1. Field of the Invention
The present invention relates to an improvement in a toroidal type continuously variable transmission used as a transmission for a motor vehicle, for example, in order to realize a structure which can transmit great power and has sufficient endurance by adequetely supplying oil to a power transmitting portion needed.
2. Related Background Art
Application of a toroidal type continuously variable transmission as schematically shown in FIGS. 8 and 9 to a transmission of a motor vehicle has been investigated. For example, as disclosed in Japanese Utility Model Application Laid-Open No. 62-71465, in the toroidal type continuously variable transmission, an input side disc 2 is coaxially supported with an input shaft 1, and an output side disc 4 is secured to an end of an output shaft 3 coaxially disposed with the input shaft 1. Within a casing containing the toroidal type continuously variable transmission, trunnions 6, which rock around pivot shafts 5 located at positions twisted with respect to the input shaft 1 and the output shaft 3, are disposed between the input side disc 2 and the output side disc 4 in an axial direction.
That is to say, the trunnions 6 are provided at their outer surfaces with the pivot shafts 5, which are coaxial with each other. Further, proximal ends of displacement shafts 7 are supported on intermediate portions of the trunnions 6 so that inclination angles of the displacement shafts 7 can be adjusted by rocking the trunnions 6 around the pivot shafts 5. Power rollers 8 are rotatably supported around the displacement shafts 7 supported by the trunnions 6. The power rollers 8 are pinched between opposed inner surfaces 2a and 4a of the input and output side discs 2 and 4. Each of the inner surfaces 2a, 4a has, in section, a concave surface obtained by rotating an arc around the pivot shaft 5. Peripheral surfaces 8a of the power rollers 8 having spherical convex surfaces are contacted with the inner surfaces 2a, 4a. 

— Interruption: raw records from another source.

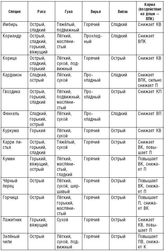 Обычно сладкий и солёный вкусы имеют сладкий випак, кислый вкус имеет кислый випак, острый, горький и вяжущий вкусы имеют острый випак. Раса и випак непосредственно связаны со вкусом веществ, а вирья – с холодным и тёплым качествами веществ. Випак бананов, как это ни странно, кислый. Ниже дана таблица, показывающая гуну (качество), раса, вирья, випак и воздействие на доши наиболее распространённых специй.
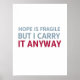 Un design minimaliste qui capture la résilience face à l'incertitude. La citation "L'ESPOIR EST FRAGILE MAIS JE LE PORTE DE TOUTE FAÇON" est un rappel puissant que la force ne réside pas dans la solidité de l'espoir lui-même, mais dans l'engagement indéfectible de s'y tenir malgré sa délicatesse. Les couleurs contrastées (gris/bleu et rouge gras) mettent l'accent sur la lutte interne et la décision de persister.
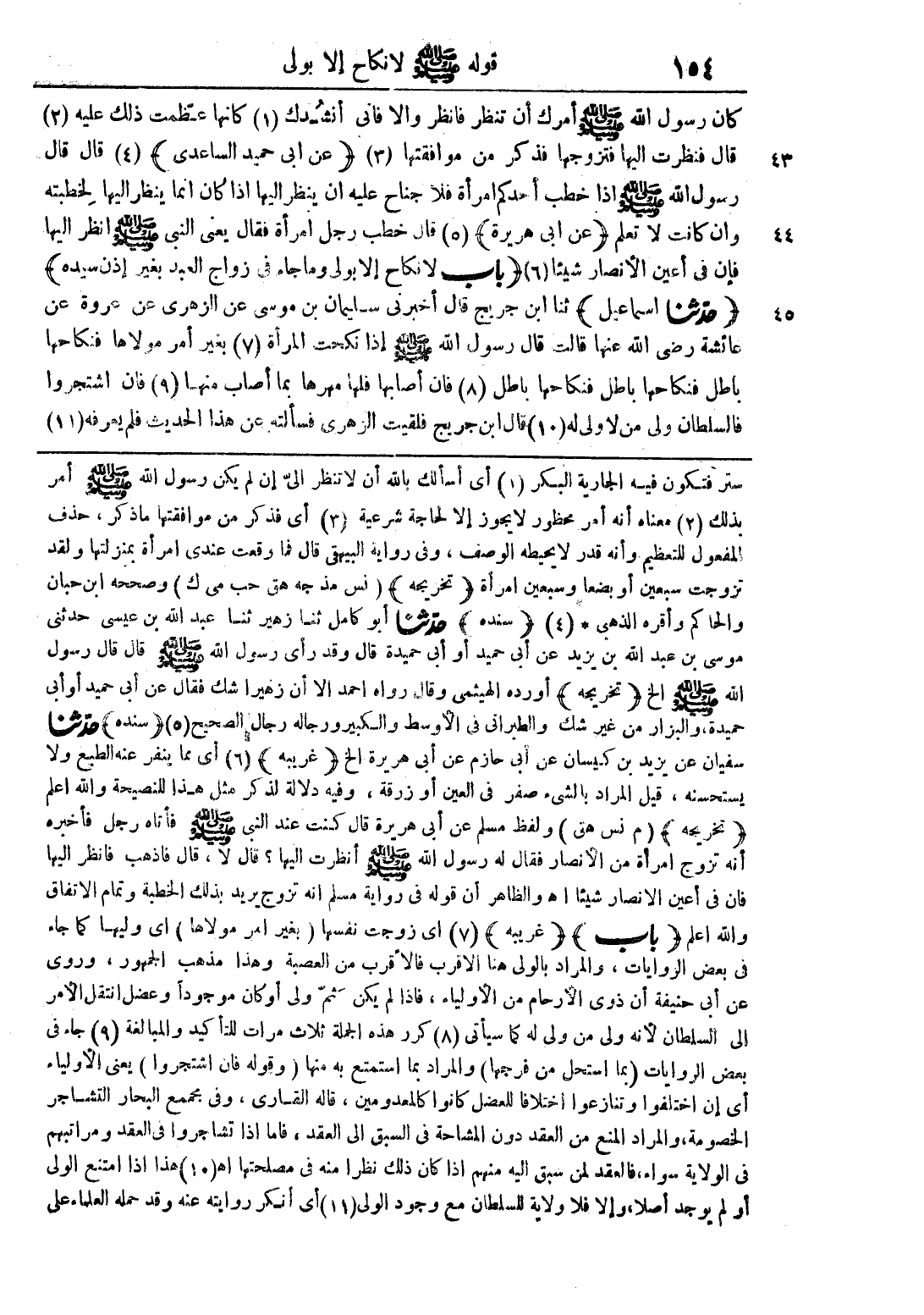 كان رسول الله صلى الله عليه وسلم أمرك أن تنظر فانظر والا فانى أنشدك (1) كانها عظّمت ذلك عليه (2) قال فنظرت اليها فتزوجها فذكر من موافقتها (3) (عن ابى حميد الساعدى) (4) قال قال رسول الله صلى الله عليه وسلم اذا خطب أحدكم امرأة فلا جناح عليه ان ينظر اليها اذا كان انما ينظر اليها لخطبته وان كانت لا تعلم (عن ابى هريرة) (5) قال خطب رجل امرأة فقال يعنى النبى صلى الله عليه وسلم انظر اليها فإن فى أعين الأنصار شيئا (6) (باب لا نكاح إلا بولى وما جاء فى زواج العبد بغير إذن سيده) (حدّثنا اسماعيل) ثنا ابن جريج قال أخبرنى سليمان بن موسى عن الزهرى عن عروة عن عائشة رضى الله عنها قالت قال رسول الله صلى الله عليه وسلم إذا نكحت المرأة (7) بغير أمر مولاها فنكاحها باطل فنكاحها باطل فنكاحها باطل (8) فان أصابها فلها مهرها بما أصاب منها (9) فان اشتجروا فالسلطان ولى من لا ولى له (10) قال ابن جريج فلقيت الزهرى فسألته عن هذا الحديث فلم يعرفه (11)
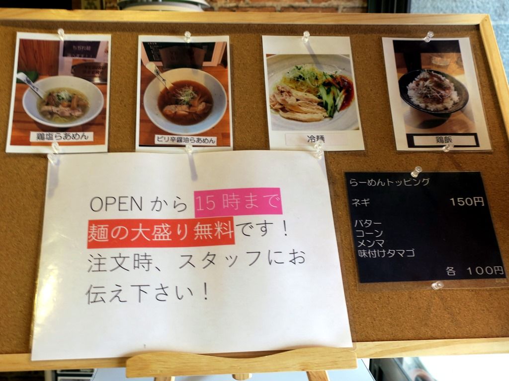 主なメニューは、鶏塩らあめん(並)800円、ピリ辛醤油らあめん(並)950円、鶏塩らあめんセット(並)1050円、ピリ辛醤油らあめんセット(並)1200円、冷麺(並)850円、他。

An urging device 9 of loading cam type is disposed between the input shaft 1 and the input side disc 2 so that the input side disc 2 can be elastically biased toward the output side disc 4 by the urging device 9. The urging device 9 comprises a cam plate 10 rotated together with the input shaft 1, and a plurality (for example, four) of rollers 12 rotatably held by a holder 11. A cam surface 13 made concave and convex alternately in a circumferential direction is formed on one side surface (right side surface in FIGS. 8 and 9) of the cam plate 10, and a cam surface 14 having a similar configuration is formed on an outer surface (left side surface in FIGS. 8 and 9) of the input side disc 2. The plurality of rollers 12 are supported for rotation around axes oriented radially with respect to the centerline of the input shaft 1.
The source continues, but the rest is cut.